Motivation In the mixed-membership unsupervised clustering analyses commonly used in population genetics, multiple replicate data analyses can differ in their clustering solutions. Combinatorial algorithms assist in aligning clustering outputs from multiple replicates, so that clustering solutions can be interpreted and combined across replicates. Although several algorithms have been introduced, challenges exist in achieving optimal alignments and performing alignments in reasonable computation time. Results We present Clumppling, a method for aligning replicate solutions in mixed-membership unsupervised clustering. The method uses integer linear programming for finding optimal alignments, embedding the cluster alignment problem in standard combinatorial optimization frameworks. In example analyses, we find that it achieves solutions with preferred values of a desired objective function relative to those achieved by Pong, and that it proceeds with less computation time than Clumpak. It is also the first method to permit alignments across replicates with multiple arbitrary values of the number of clusters K. Availability Clumppling is available at https://github.com/PopGenClustering/Clumppling. Supplementary information Supplementary data are available online.

查看原文

微信好友朋友圈 QQ好友复制链接

本刊更多论文

Clumppling：采用整数线性规划的群组匹配和置换程序

动机在群体遗传学常用的混合成员无监督聚类分析中，多个重复数据分析的聚类解决方案可能不同。组合算法有助于对多个重复数据的聚类结果进行对齐，从而可以解释和组合不同重复数据的聚类解决方案。虽然已经引入了几种算法，但在实现最佳配准和在合理计算时间内执行配准方面仍存在挑战。结果我们提出了一种在混合成员无监督聚类中对齐复制解的方法--Clumppling。该方法使用整数线性规划来寻找最优配准，将聚类配准问题嵌入到标准的组合优化框架中。在实例分析中，我们发现与 Pong 方法相比，该方法能获得具有所需目标函数优选值的解决方案，而且与 Clumpak 方法相比，该方法的计算时间更短。它也是第一种允许在具有多个任意聚类数 K 值的重复序列中进行排列的方法。Clumppling 可在 https://github.com/PopGenClustering/Clumppling 网站上获取。补充信息补充数据可在线获取。
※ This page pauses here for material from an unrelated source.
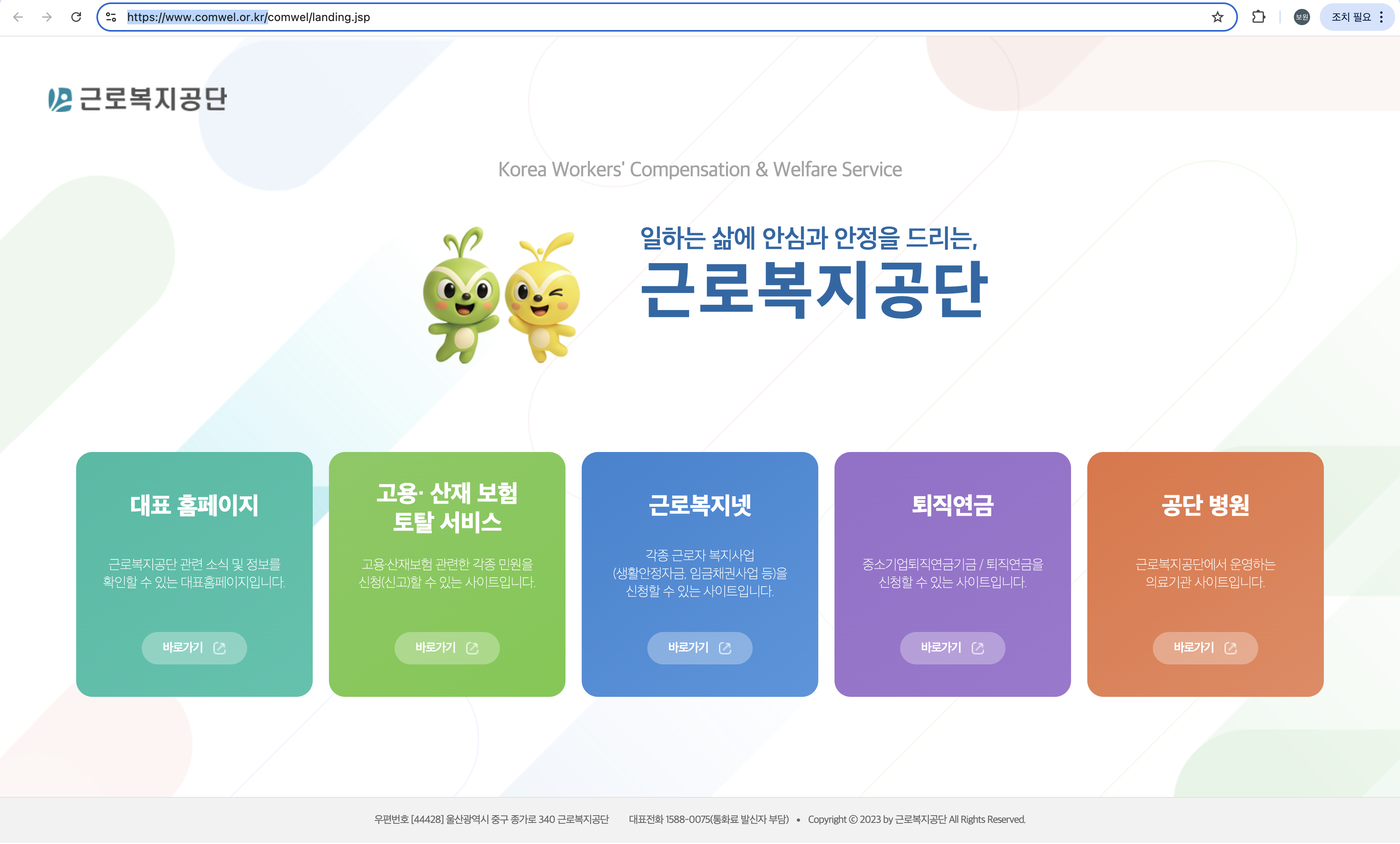 근로복지공단(comwel.or.kr), 복지로(bokjiro.go.kr), 정부 24(gov.kr) —
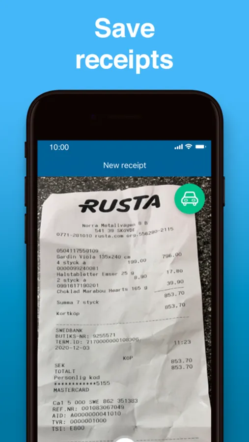 Register and manage expense by using the camera phone to take photos of your receipts. Date and amount are automatically extracted. Simply add relevant information and the expense is ready for approval or your accounting program.

本文章由计算机程序翻译，如有差异，请以英文原文为准。

求助全文

约1分钟内获得全文去求助

来源期刊

Bioinformatics 生物-生化研究方法

CiteScore

11.20

自引率

5.20%

发文量

753

审稿时长

2.1 months

期刊介绍： The leading journal in its field, Bioinformatics publishes the highest quality scientific papers and review articles of interest to academic and industrial researchers. Its main focus is on new developments in genome bioinformatics and computational biology. Two distinct sections within the journal - Discovery Notes and Application Notes- focus on shorter papers; the former reporting biologically interesting discoveries using computational methods, the latter exploring the applications used for experiments.